What Makes an Instrument Sound Sad? Commentary on Huron, Anderson, and Shanahan

What Makes an Instrument Sound Sad? Commentary on Huron, Anderson, and Shanahan JONNA K. VUOSKOSKI 1 University of Oxford

ABSTRACT: Huron, Anderson, and Shanahan investigated the hypothesis that instruments that are deemed most capable of expressing sadness would also be judged better able to generate acoustic features similar to those used to convey sadness in speech. The judgments of these acoustic features accounted for approximately half (51.3%) of the variance in the judgments of sadness capacity. I argue that the explanation rate may have been curtailed by choices made in the operationalization of the acoustic features, the overlap and relatedness of three of the acoustic features used (mumbling, dark timbre, and lowest pitch), as well as the practical omission of features such as legato articulation. Furthermore, the method used by Huron and colleagues may have inflated the effect of cultural conceptions on the judgments of sadness capacity. I also argue that low energy — albeit a fundamental feature of sadness as an emotion — is not the meaningful factor underlying the set of acoustic features most correlated with sadness capacity. Instead, I suggest that the only acoustic variable significantly predicting evaluations of sadness capacity — pitch-bending — best reflected an instrument's capability to manipulate timbre, pitch, loudness and articulation in ways that match and exaggerate the features of sad vocal expression.
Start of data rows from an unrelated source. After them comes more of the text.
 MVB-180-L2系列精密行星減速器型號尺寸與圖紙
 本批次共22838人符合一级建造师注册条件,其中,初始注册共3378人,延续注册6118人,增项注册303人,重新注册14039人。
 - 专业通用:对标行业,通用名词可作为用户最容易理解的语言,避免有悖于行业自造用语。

Submitted 2013 March 12; accepted 2013 March 15.

KEYWORDS: sadness, emotion, music, acoustic features, vocal expression of emotion

IN a correlational questionnaire study published in this issue, Huron, Anderson, and Shanahan investigated which acoustic features are associated with an instrument's judged capability to convey sadness. They hypothesized that those instruments that are judged most capable of expressing sadness would also be judged better able to generate acoustic features similar to those used to convey sadness in speech. This is a well-founded hypothesis, as previous studies (for a review, see Juslin & Laukka, 2003) have shown that similar acoustic features — slow tempo, low sound level, dark timbre, low pitch, small pitch and sound level variability, and slow tone attacks — are indeed used in both music and speech to convey sadness.
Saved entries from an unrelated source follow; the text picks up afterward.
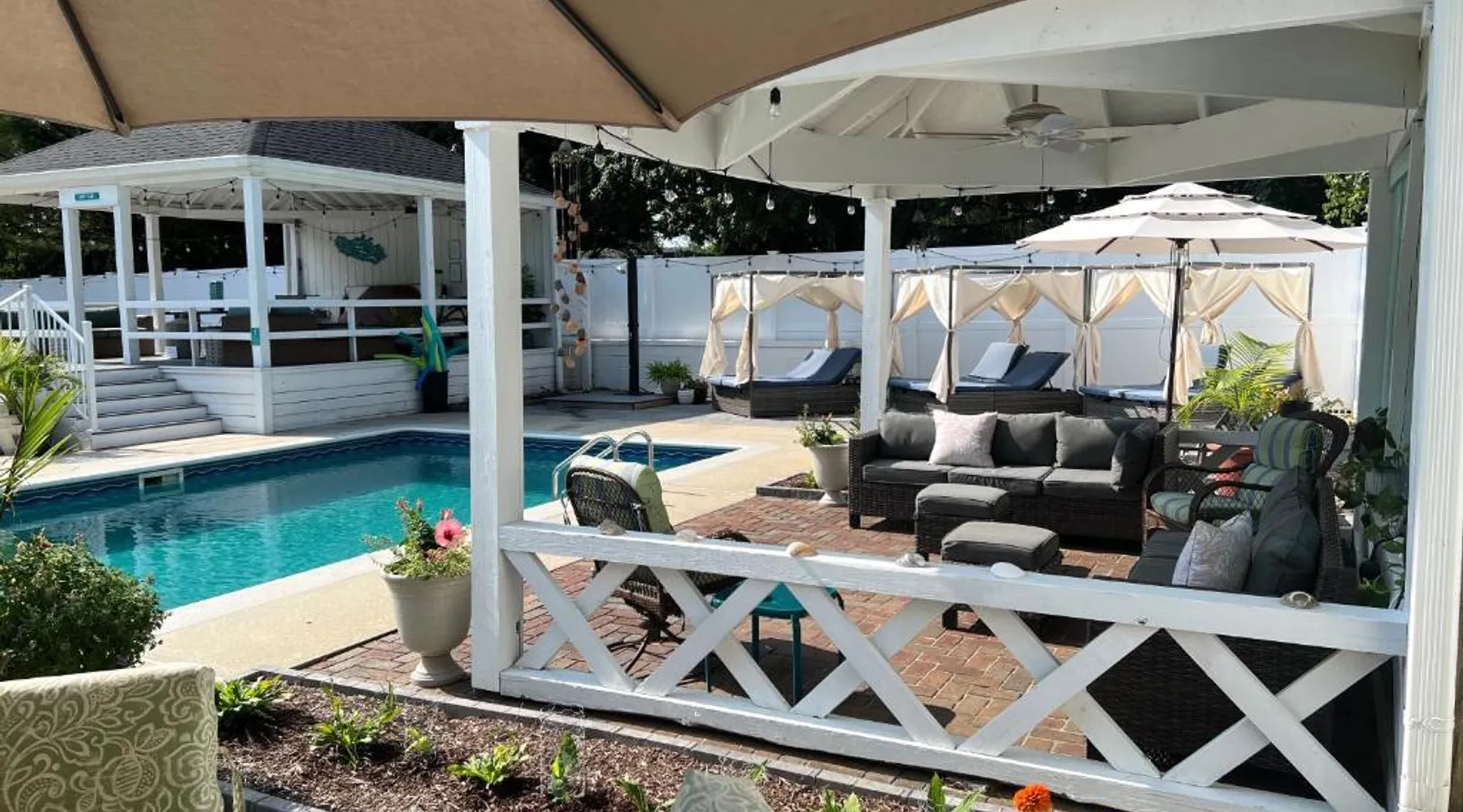 Comfortable Accommodations: Mar Bella Boutique Hotel & Spa in Rehoboth Beach offers adults-only rooms with private bathrooms, air-conditioning, and garden views. Each room includes a tea and coffee maker, refrigerator, and free WiFi. Relaxing Facilities: Guests can enjoy a sauna, sun terrace, seasonal outdoor swimming pool, and hot tub. Additional amenities include a minimarket, coffee shop, and outdoor seating area. Convenient Location: Located 4.3 mi from Rehoboth Beach Boardwalk and 21 mi from Thunder Lagoon Waterpark, the hotel provides easy access to local attractions. Free on-site private parking is available. Guest Favorites: The hot tub, swimming pool, and sauna are highly rated by guests, offering relaxation and leisure options. This double room features a hot tub and a sauna. Featuring free toiletries and bathrobes, this double room includes a private bathroom with a walk-in shower and a hairdryer. The spacious air-conditioned double room features a flat-screen TV with streaming services, a tea and coffee maker, a seating area, a wardrobe as well as garden views. The unit has 2 beds.
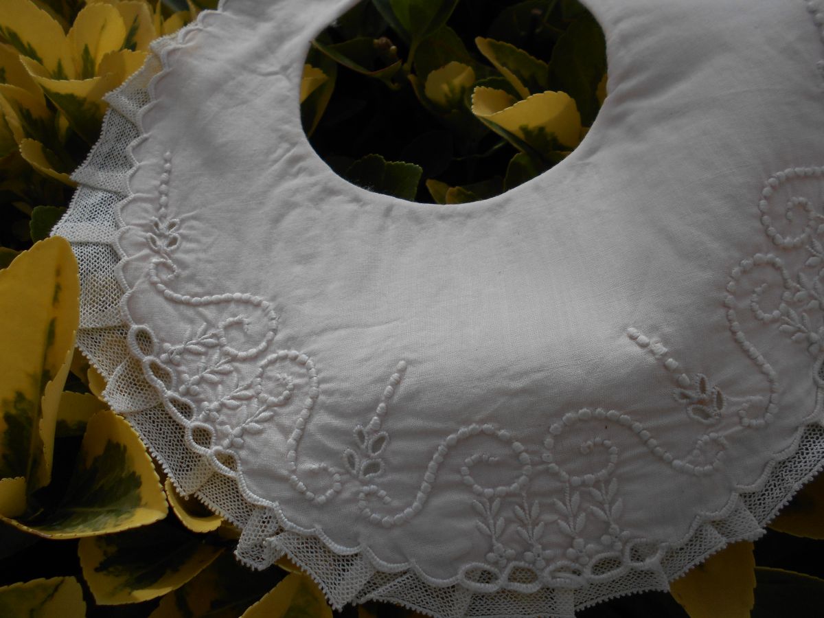 UNE EPAISSEUR DE TISSUS AVEC DE MAGNIFIQUES BRODERIES DE PLANTES FESTONNE SUR TOUT LE TOUR DU BAVOIR
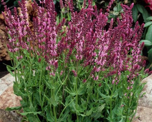 Цветки: розовые; собраны в колосовидные соцветия на прямостоячих цветоносах. Шалфей дубравный rosea - отличный медонос.
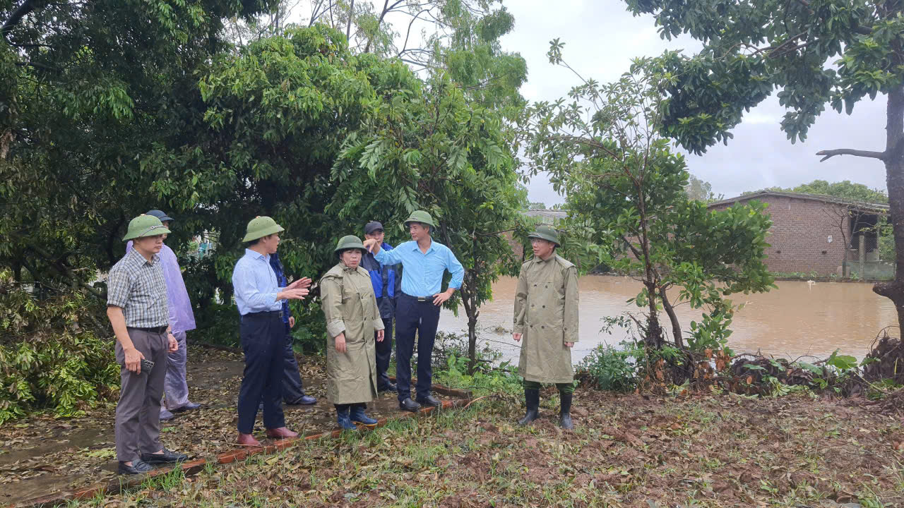 Đồng chí Đào Hồng Vận, Ủy viên Ban Thường vụ Tỉnh ủy, Trưởng Ban Tuyên giáo Tỉnh ủy, Trưởng Đoàn Đại biểu Quốc hội tỉnh đi kiểm tra công tác khắc phục hậu quả sau cơn bão số 3 và hỗ trợ Nhân dân khi mực nước sông Luộc lên cao
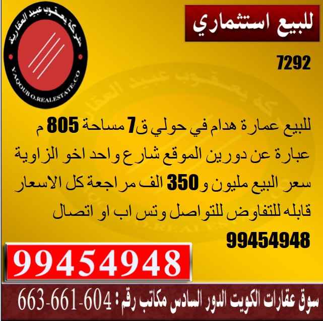 للبيع عمارة هدام في حولي ق7 مساحة 805 م عبارة عن دورين الموقع شارع واحد اخو الزاوية سعر البيع مليون و350 الف مراجعة
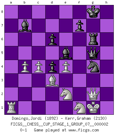 Last move : 0-1 2018 December 12 1:22:28 [Event "FICGS__CHESS__CUP_STAGE_1_GROUP_07__000002"] [Site "FICGS"] [Date "2018.07.02"] [Round "1"] [White "Domingo,Jordi"] [Black "Kerr,Graham"] [Result "0-1"] [WhiteElo "1892"] [BlackElo "2130"] 1.e4 c5 2.Nf3 d6 3.c3 Nf6 4.Be2 g6 5.O-O Bg7 6.Bb5+ Nc6 7.Re1 O-O 8.h3 e5 9.d3 Bd7 10.Be3 Rb8 11.a4 a6 12.Bc4 b5 13.axb5 axb5 14.Bb3 Qc7 15.Nbd2 Ra8 16.Qe2 h6 17.Red1 Rxa1 18.Rxa1 Ne7 19.Qe1 Rd8 20.c4 b4 21.Ba4 Bc8 22.Nf1 Nh5 23.Ng3 Nf4 24.Qd2 Kh7 25.Bxf4 exf4 26.Ne2 g5 27.d4 Ng6 28.Bc2 Kg8 29.Bd3 Qe7 30.Nh2 Re8 31.f3 h5 32.b3 cxd4 33.Qxb4 Ne5 34.Nc1 g4 35.hxg4 hxg4 36.fxg4 f3 37.Qd2 fxg2 38.Qxg2 Qg5 39.Nf1 Bb7 40.Qg3 Re6 41.b4 Nxg4 42.Ne2 Be5 43.Qg2 Rg6 0-1 This chess game has been lost on time (started : 2018.07.02 2:46:16) Graham Kerr gg, thanks ;-) Sicilian Kingside Castling by player White (move 5) Kingside Castling by player Black (move 7) Player Black won this chess game. Follow this game move after move (download)When I have White, I win because I am white; When I have Black, I win because I am Bogolyubov. (Bogolyubov) Der Traum, für den ich lebe, ist der von einem freien Russland. Viele mögen sagen: Russland hat doch ein Parlament, einen gewählten Präsidenten. Aber ich spüre, dass in meiner Heimat die Angst wiederkehrt. Eine Angst, sich frei zu äußern, bestimmte Dinge zu tun (Garry Kasparov) El Ajedrez es como la guerra en un tablero. (Bobby Fischer) Vouloir jouer aux échecs contre soi-même est aussi paradoxal que vouloir marcher sur son ombre. (Stefan Zweig) It's not the size of the dog in the fight, it's the size of the fight in the dog. (Mark Twain)

Huron and colleagues carried out two separate questionnaire studies to address the issue. In Study 1, graduate music students and faculty members were asked to evaluate — in light of their past music listening experience — how frequently each of 44 different instruments is used to convey sadness, and how well these instruments are able to produce a sad sound. In Study 2, undergraduate music students were asked to evaluate — again, in light of their knowledge and past experiences — the capacity of the same 44 instruments to produce certain acoustical effects; namely how easy it is to play very quietly or slowly on the different instruments, how easy it is to "bend the pitch" (i.e., play small intervals), and how easy it is to make a dark timbre or make the instrument sound like it's "mumbling". In addition, Huron and colleagues annotated the lowest pitch each instrument could produce. These six acoustic features were selected on the basis of previous studies on sad speech prosody.

The features that most strongly correlated with an instrument's capacity to produce a sad sound were pitch-bending, mumbling, dark timbre, and lowest pitch, respectively. However, a regression analysis revealed that pitch-bending was the only significant predictor of sadness capacity. The six acoustic features accounted for approximately half (51.3%) of the variance in sadness capacity, suggesting that additional factors might be at play. However, there may also have been factors in the study design and methods that restricted the potential explanation rate. In the following section I am going to address some of these potential factors.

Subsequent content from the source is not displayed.